FIGURE 5. Tumour mutational burden (TMB) in ERBB2 non-mutated BC (n = 951) and ERBB2 mutated BC (n = 35) The black line indicating 10 mutations/megabase represents the threshold for TMB-high. For ERBB2 non-mutated BC, the frequency of TMB-high was 3.0% (29/951); for ERBB2-mutated BC, the frequency was 22.9% (8/35).
FIGURE 6. Correlation between tumor mutational burden (TMB) and tumour-infiltrating lymphocytes (TILs). Spearman’s rank correlation coefficient, 0.38 (p < 0.05).
FIGURE 7. Comparison of TMB, TILs, and histology. (A) TCGA-AO-A128-01A. This tumour was classified as TMB-high and TIL-high (TMB = 43.3 mut/Mb, TILs = 70%). (B) TCGA-AN-A46-01A. This tumor was classified as TMB-high and TIL-low (TMB = 209.2 mut/Mb, TILs = 10%). (C) TCGA-OL-A66P-01A. This tumor was classified as TMB-low and TIL-high (TMB = 4.0 mut/Mb, TILs = 70%). (D) TCGA-AC-A3YI-01A. This tumor was classified as TMB-low and TIL-low (TMB = 0.6 mut/Mb, TILs = 0%). Scale bar = 100 μm, ×20 magnification.

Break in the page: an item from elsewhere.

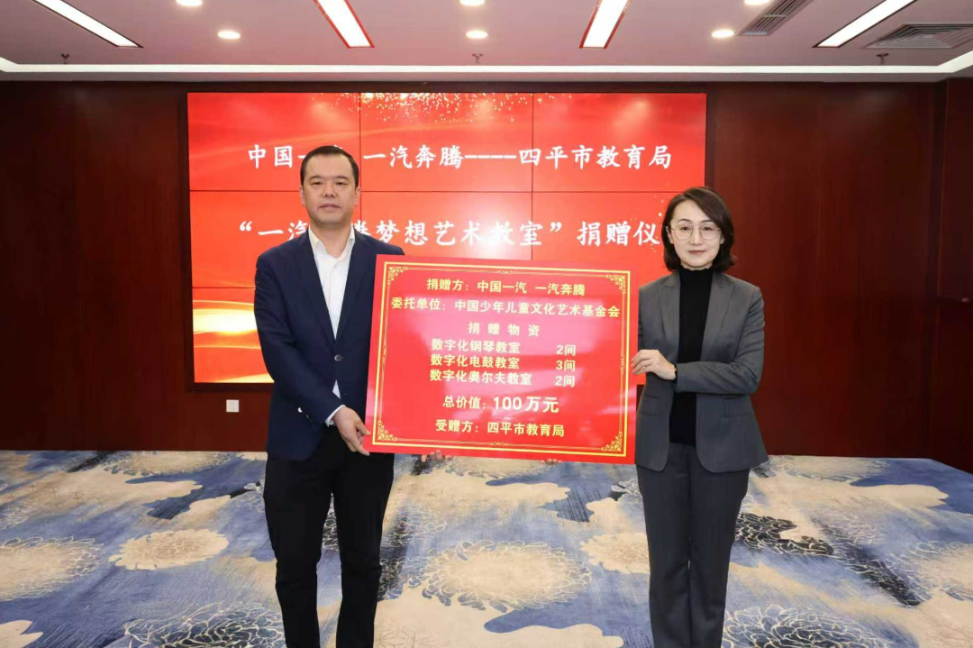 10月29日,“一汽奔腾艺术梦想教室”捐赠仪式在四平市举行,四平市政府、中国一汽党委工作部、一汽奔腾及中国少年儿童文化艺术基金会主要领导出席捐赠仪式。 此次共向四平市教育局捐赠7间“一汽奔腾梦想艺术教室”,总价值100万元,彰显一汽奔腾与四平市的坚实合作基础和深厚政企情谊,为双方协同发展增添文化暖流,将为四平市中小学生注入源源不断的美学滋养。

We characterized the clinicopathological features, immune infiltration levels, TMB (mut/Mb), and TILs (%) associated with ERBB2-mutated BC using bioinformatics. ERBB2-mutated BC was identified in 3.5% of TCGA-BRCA samples, concurrent with a previous report . In this study, among the 35 samples, 60% were IBC-NST and 40% were ILC (c-ILC, p-ILC). As ILC typically accounts for 5–15% of all BCs , ILC appears to be enriched in ERBB2 mutations. A similar trend has been reported previously [4, 7]. In ERBB2-mutated BC, ILC is frequently related to a high frequency of CDH1 mutations. In this study, 40% (14/35) of the ERBB2 mutant cases harbored CDH1 mutation.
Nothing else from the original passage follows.